Actually, the 816’s only native data size is 16 bits when operating in native mode. The changeable register widths do not affect the ALU, which always processes 16 bits at a time. That is one of the reasons that, for example, a branch across a page boundary in native mode does not consume any more Ø2 cycles than a branch that stays within a page boundary. It is also why register-to-register copies, e.g., TXA, take two Ø2 cycles, regardless of the register sizes.
As for the 816 not having the simplicity of the 65C02, there’s no surprise in that. The 816 is a significant advancement over the 65C02, just as the 80286 was an advancement over the 8086. When the 286 came on the scene, a whole new programming paradigm arrived with the introduction of protected mode.
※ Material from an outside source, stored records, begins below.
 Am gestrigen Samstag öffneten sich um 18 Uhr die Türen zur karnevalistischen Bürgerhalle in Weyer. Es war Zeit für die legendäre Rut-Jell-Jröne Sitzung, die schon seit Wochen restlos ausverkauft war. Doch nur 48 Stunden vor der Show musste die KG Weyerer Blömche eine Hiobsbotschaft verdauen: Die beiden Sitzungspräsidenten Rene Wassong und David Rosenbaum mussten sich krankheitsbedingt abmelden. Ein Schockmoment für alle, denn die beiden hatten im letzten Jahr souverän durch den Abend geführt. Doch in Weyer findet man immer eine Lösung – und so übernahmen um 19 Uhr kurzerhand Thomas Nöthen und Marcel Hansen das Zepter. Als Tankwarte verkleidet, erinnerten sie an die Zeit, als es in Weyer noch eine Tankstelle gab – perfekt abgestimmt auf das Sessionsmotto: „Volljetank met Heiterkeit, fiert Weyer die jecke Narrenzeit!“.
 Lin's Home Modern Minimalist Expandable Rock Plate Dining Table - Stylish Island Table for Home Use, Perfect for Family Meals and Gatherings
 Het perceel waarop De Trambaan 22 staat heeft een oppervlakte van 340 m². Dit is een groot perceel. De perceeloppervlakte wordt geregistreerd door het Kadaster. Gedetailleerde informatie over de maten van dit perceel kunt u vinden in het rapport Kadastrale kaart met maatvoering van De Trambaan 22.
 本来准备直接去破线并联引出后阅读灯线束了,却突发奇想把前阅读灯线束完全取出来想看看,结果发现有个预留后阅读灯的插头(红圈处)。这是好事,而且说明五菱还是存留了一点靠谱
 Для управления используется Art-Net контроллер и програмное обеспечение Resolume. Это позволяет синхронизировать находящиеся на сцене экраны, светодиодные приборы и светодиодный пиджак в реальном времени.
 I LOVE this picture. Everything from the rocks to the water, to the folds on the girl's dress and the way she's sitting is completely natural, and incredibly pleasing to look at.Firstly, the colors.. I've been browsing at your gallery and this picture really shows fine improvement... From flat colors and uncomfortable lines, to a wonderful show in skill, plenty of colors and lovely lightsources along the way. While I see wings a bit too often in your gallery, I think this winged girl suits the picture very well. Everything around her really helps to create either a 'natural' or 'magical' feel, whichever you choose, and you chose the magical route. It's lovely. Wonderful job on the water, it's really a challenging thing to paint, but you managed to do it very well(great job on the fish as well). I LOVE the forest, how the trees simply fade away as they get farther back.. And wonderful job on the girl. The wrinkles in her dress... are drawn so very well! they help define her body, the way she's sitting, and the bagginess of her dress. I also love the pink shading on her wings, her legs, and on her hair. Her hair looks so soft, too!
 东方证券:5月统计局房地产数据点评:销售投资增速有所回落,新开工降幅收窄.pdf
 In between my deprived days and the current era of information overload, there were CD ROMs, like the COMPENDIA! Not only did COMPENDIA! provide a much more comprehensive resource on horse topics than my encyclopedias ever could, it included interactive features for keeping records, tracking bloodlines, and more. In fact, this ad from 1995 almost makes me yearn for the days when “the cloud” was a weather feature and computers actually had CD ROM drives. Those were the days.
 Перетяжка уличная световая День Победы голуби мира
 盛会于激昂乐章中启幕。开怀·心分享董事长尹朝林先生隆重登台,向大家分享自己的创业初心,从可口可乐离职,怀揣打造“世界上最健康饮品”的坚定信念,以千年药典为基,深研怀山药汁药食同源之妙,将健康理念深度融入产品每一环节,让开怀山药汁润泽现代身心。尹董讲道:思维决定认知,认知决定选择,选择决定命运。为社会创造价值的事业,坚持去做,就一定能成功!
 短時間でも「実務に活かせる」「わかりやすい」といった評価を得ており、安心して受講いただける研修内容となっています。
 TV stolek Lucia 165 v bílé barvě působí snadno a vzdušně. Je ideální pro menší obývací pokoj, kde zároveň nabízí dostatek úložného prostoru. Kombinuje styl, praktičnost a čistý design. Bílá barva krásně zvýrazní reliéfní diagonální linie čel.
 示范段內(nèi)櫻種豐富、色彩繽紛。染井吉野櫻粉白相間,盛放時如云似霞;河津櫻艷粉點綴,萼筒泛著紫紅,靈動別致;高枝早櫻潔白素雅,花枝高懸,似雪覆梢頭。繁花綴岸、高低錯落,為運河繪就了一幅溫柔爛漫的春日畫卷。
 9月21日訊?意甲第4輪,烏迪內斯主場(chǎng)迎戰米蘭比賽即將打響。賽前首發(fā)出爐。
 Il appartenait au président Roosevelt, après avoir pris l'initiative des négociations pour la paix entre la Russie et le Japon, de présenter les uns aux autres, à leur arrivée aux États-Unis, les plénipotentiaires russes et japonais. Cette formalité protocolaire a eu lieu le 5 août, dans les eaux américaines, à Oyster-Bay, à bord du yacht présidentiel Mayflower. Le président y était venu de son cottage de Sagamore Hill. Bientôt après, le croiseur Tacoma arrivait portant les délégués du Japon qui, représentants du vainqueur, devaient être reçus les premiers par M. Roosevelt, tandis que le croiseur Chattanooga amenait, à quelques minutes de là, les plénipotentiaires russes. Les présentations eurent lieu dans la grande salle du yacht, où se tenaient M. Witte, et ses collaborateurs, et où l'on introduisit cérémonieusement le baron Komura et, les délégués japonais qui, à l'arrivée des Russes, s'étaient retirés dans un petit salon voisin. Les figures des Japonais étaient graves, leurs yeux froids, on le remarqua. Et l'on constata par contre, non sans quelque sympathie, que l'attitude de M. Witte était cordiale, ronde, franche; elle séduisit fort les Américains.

Rather than grouse about how the “simplicity” of the 8086 had been lost, programmers learned how to use protected mode and other new features, resulting in programs that could do more and at a faster rate.
Something like that is progress, pure and simple.
Incidentally, getting the most out of the 65C816 does demand treating it as a different beast than the 65C02. When I first started writing native-mode 816 code, I often found myself using a stone axe when I had a chainsaw available.
There is a learning curve to it and some planning is required to minimize register size switching (register sizes, by the way, aren’t “modes”—changing a register’s size has no effect whatsoever on how instructions behave). In many of my programs, I store numerics as 16- or 32-bits, even if a particular numeric will never exceed 255. In many algorithms, the slight additional execution time needed to fetch or store a word instead of a byte is effaced by the elimination of frequent REP and SEP instructions. This becomes especially true with pointer arithmetic—I use 32-bit pointers for “long” accesses, even though only 24 bits are needed. That waste here and there of a byte in this fashion is inconsequential when one considers that pointer arithmetic can be carried out without having to monkey with the accumulator’s size to manipulate the most significant word.
Is the 65C816 perfect? Not at all. Having different opcodes determine the data size being manipulated, instead of selecting register widths via a distinct instruction, would make for more streamlined code and reduce the opportunity to add gnarly bugs to one’s programs. Some aspects of the banking scheme can be annoying as well—I wish execution could span banks, since that would make it possible to load a program anywhere convenient. However, the 816 retains the efficiency of the 65C02, as well as the excellent interrupt performance. Plus the stack acrobatics that can be done with the 816 have no analogue with the 65C02. That’s good enough for me.